Wenn das Berufungsgericht unter diesen Umständen des Einzelfalls zum Ergebnis kommt, dass der Erstbeklagte mit seinem Verhalten zum Zeitpunkt der Aufkündigung die Grenze des Zumutbaren für ein ungestörtes Zusammenleben überschritten hat, ist es von den dargestellten Grundsätzen der Rsp nicht abgewichen. Entgegen der Argumentation der Revisionswerber lässt sich der Verhaltensvorwurf gegenüber dem Erstbeklagten weder auf den einen Vorfall vom 22. 7. 2013 reduzieren, noch ist dieser angesichts seiner Intensität und des fehlenden unmittelbaren zeitlichen Zusammenhangs als eine nachvollziehbare Reaktion auf das Vorgeschehen zu werten, sodass das Fehlverhalten im Gesamtzusammenhang noch als nicht ausreichend schwerwiegend qualifiziert werden könnte.
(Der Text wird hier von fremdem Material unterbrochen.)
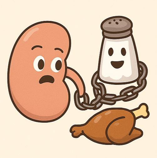 소금 많이 먹으면 혈압이 오르죠? 고혈압은 신장을 망가뜨리는 대표적인 원인이에요. 특히 라면, 햄, 치킨무처럼 짭짤한 음식에는 나트륨이 듬뿍 들어 있어서 조심해야 해요.
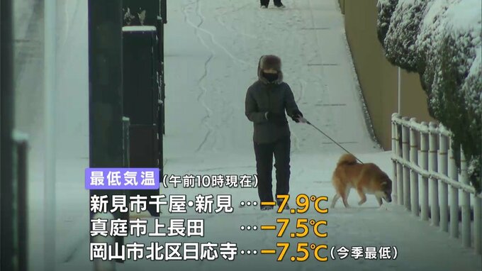 最低気温は、新見市千屋などで-7.9℃、真庭市上長田や岡山市北区の日応寺で-7.5℃となるなど氷点下の厳しい冷え込みとなりました。
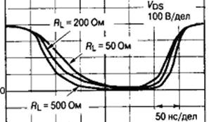 При этом усиливается эффект обратной связи (эффект Миллера) и спад напряжения VDS замедляется (рис. 4.19). Вторая стадия заканчивается, когда напряжение VGS достигает напряжения смыкания VCM. На последнем этапе включения VGS изменяется от VCM до нуля, при этом ток стока определяется ВАХ открытого транзистора. В переходном процессе выключения при малых значениях RIN СИТ закрывается достаточно быстро, а время выключения определяется постоянной RLCGD. По этой причине стадия запирания существенно меньше времени включения и увеличивается с ростом нагрузки.
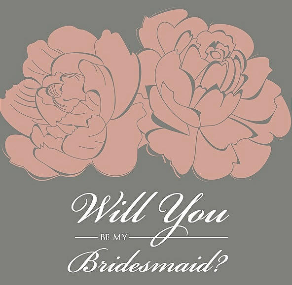 Will You Be My Bridesmaid Card - Flowers in Fresco & Charcoal Gray
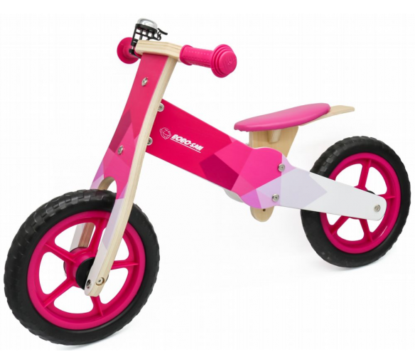 Dětské dřevěné odrážedlo, se zatáčecími řídítky, ergonomicky tvarovaným a výškově nastavitelným sedátkem.
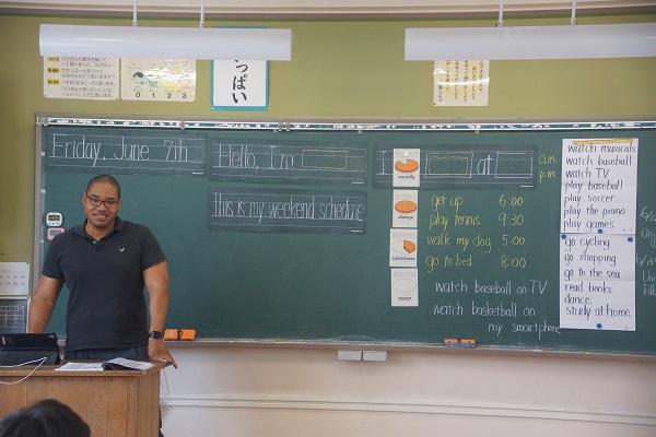 6年生の英語の授業のテーマは、This is my weekend schedule.です。板書を見ても、実用的ではあるけれど、難易度は高いかと思っています。しかしながら、会話練習では、流ちょうな英語を話しているので驚いています。身ぶり、手ぶりもナチュラルです。

Auch in Bezug auf die Zukunftsprognose für das Verhalten des Erstbeklagten liegt keine vom OGH aufzugreifende Fehlbeurteilung vor. Verhaltensänderungen nach Einbringung der Aufkündigung haben nur dann Einfluss auf das Schicksal der Aufkündigung, wenn der Schluss zulässig ist, dass die Wiederholung der bisherigen Unzukömmlichkeit mit hoher Wahrscheinlichkeit auszuschließen ist. Die Vorinstanzen verneinten hier eine solche positive Zukunftsprognose, weil die von den Beklagten angebotene Verpflichtung, es zu unterlassen, die Gemeinschaftsfläche am Dach des Hauses zu betreten und zu benützen, nicht ausreiche, die vom Gesetz geschützten Interessen sicher zu stellen. Eine freiwillige Verpflichtung der Nichtbenützung sei keine Garantie für deren Umsetzung, Begegnungen mit Bewohnern seien zudem in anderen Bereichen der Liegenschaft weiterhin möglich. Zur Unterlassung des vom Erstgericht festgestellten unleidlichen Verhaltens selbst hätten sich die Beklagten auch gar nicht verpflichtet. Diese Beurteilung des Berufungsgerichts, das offensichtlich ohnedies zugunsten des Erstbeklagten von einer Verhaltensänderung nach Einbringung der Aufkündigung ausgegangen ist, weil von vornherein keine positive Zukunftsprognose vorliegen könnte, wenn die Störungen nach Zustellung der Aufkündigung andauerten, ist jedenfalls vertretbar.